Lead generators cannot compete with major installers on brand leverage or ecosystem integration. Instead, focus on value propositions internal teams cannot match: geographic specialization in markets where major installers lack first-party infrastructure, quality verification that exceeds internal standards, speed of delivery that internal lead generation cannot match, and flexibility to provide exactly the lead types and volumes buyers need at specific times. Build relationships based on reliability and quality rather than competing purely on price.


Key Takeaways

  • Sunrun’s subscription model enables customer acquisition costs of $3,000-$5,000, significantly above the $1,500-$2,500 typical for regional installers. This pricing power makes Sunrun one of the largest third-party lead buyers while also creating competitive pressure throughout the market. Understanding their economics reveals why they can pay premium prices for high-quality leads.

  • Tesla leverages ecosystem advantages that standalone solar companies cannot match. Brand recognition, retail infrastructure, and the existing customer base of Tesla vehicle owners create customer acquisition efficiencies that allow Tesla to rely less on third-party leads than competitors. This creates a smaller addressable market for lead generators but also less pricing competition.

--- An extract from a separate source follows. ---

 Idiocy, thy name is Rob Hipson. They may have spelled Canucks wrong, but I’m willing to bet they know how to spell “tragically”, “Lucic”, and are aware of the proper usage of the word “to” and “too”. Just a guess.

  • First-party lead generation provides quality and exclusivity advantages that major installers prioritize. Both Sunrun and Tesla invest heavily in direct sales, retail partnerships, and referral programs because these sources outperform purchased leads on conversion metrics. Third-party leads supplement rather than replace internal generation.

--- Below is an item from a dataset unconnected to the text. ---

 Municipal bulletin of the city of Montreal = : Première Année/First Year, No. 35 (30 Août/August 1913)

  • Buyer concentration creates risk that lead generators must actively manage. With Sunrun and a handful of other major buyers dominating the market, excessive dependence on any single buyer is dangerous. Diversification across buyer size categories and geographies protects against cap reductions, quality requirement changes, or buyer exits.

  • Quality verification has become table stakes for selling to major installers. Phone verification, property database matching, utility bill validation, and consent certification are now baseline requirements. Generators who invest in comprehensive verification infrastructure earn premium pricing and volume stability.

  • Geographic and quality specialization creates sustainable competitive advantage. Competing nationally against well-funded major generators is difficult. Deep expertise in specific markets, lead types, or buyer relationships creates defensible positions that commodity lead generation cannot match.

  • The consolidation trend is accelerating. SunPower’s bankruptcy and ongoing margin pressure on smaller installers will continue concentrating the market among fewer, larger buyers. Building relationships with surviving players while maintaining diversification prepares generators for an increasingly consolidated market.

  • Referral programs represent the highest-quality lead source for both major installers. Sunrun’s $500-$1,000 referral bonuses and Tesla’s referral credit system generate leads that convert at 2-3x the rate of third-party leads because trust transfers from the referring customer. Lead generators competing with these programs must deliver comparable quality or accept lower pricing.


Industry data reflects conditions through late 2025. Sunrun and Tesla strategies continue evolving as market conditions change. Lead generators should maintain current intelligence on buyer requirements, pricing, and capacity to optimize their market position.